La tension centrale de cette comparaison est de savoir si l'opportunité de levier opérationnel de PepsiCo lors d'une reprise des snacks vaut la peine d'accepter des marges structurellement plus faibles que celles que le modèle de franchise de Coca-Cola ne produira jamais.
Les arguments en faveur de l'action Coca-Cola
- La marge brute de 61,6 % en 2025 reflète l'avantage structurel d'un modèle de concentration et de franchise qui isole KO des coûts physiques de la chaîne d'approvisionnement.
- La marge d'exploitation a augmenté de 230 points de base de 2023 à 2025, atteignant 31,3 %, sans restructuration majeure du portefeuille ou programme de réduction des coûts.
- La dette nette LTM/EBITDA de 1,76x se situe en dessous de la fourchette cible de l'entreprise de 2x à 2,5x, ce qui laisse de la place pour un retour de capital supplémentaire tout en conservant des notations de qualité.
- 64 années consécutives d'augmentation du dividende, avec un consensus DPS attendu à 2,16 $ en 2026 et 2,27 $ en 2027, fournissant un revenu composé qui compense partiellement le potentiel d'appréciation plus lent du prix de KO.
- La croissance du BPA comparable du T1 2026 de 18 % en glissement annuel, alimentée par l'efficacité des dépenses d'exploitation et les revenus de capitaux propres des partenaires d'embouteillage, a dépassé de près de 6 % les estimations de la Bourse.
Les arguments en faveur de l'action PepsiCo
- Le TRI annualisé de 6,8 % du modèle TIKR donne à PEP un avantage de 130 points de base par rapport à KO dans le cas moyen, ce qui se traduit par un rendement total de 37,4 % à la fin de la période couverte par le modèle.
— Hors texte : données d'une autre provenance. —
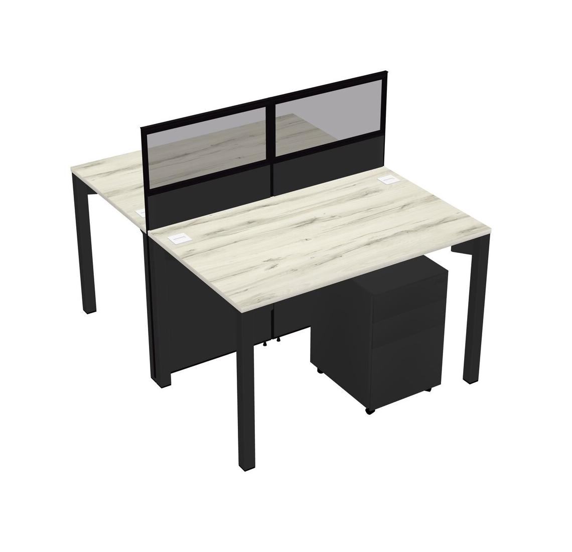 Heinne Holz Shared Rectangular Office Cubicle Panel System With Mobile Drawers For 2 Persons

- L'alimentation en Amérique du Nord a enregistré 300 millions d'occasions de consommation supplémentaires au premier trimestre 2026 par rapport au premier trimestre 2025, avec des gains de part de valeur confirmés dans les données IRI pour la première fois depuis plusieurs trimestres.
- Le consensus sur le FCF fait un bond de 44,8 % en 2026 pour atteindre 11,1 milliards de dollars, les marges du FCF passant de 8,2 % en 2025 à 11,2 %, les économies de productivité réalisées grâce aux fermetures d'usines et aux réductions d'effectifs se répercutant sur le compte de résultat.
- Le cours le plus bas de 127,60 dollars sur 52 semaines représente une baisse de 19,5 % par rapport au cours le plus haut sur 52 semaines, une baisse qui n'a pas été observée chez KO au cours de la même période, ce qui constitue un point d'entrée à moindre coût pour les investisseurs désireux de conserver leurs titres jusqu'à la fin de la période de redressement.
- Le consensus de croissance des revenus de 5,3 % en 2026 représente plus de 2,5 fois les 2,0 % de Coca-Cola, grâce à l'accélération internationale, à la croissance de 9 % du chiffre d'affaires de PBNA combinant les gains organiques et les plates-formes acquises, y compris poppi, et au retour à un volume positif pour les produits alimentaires en Amérique du Nord.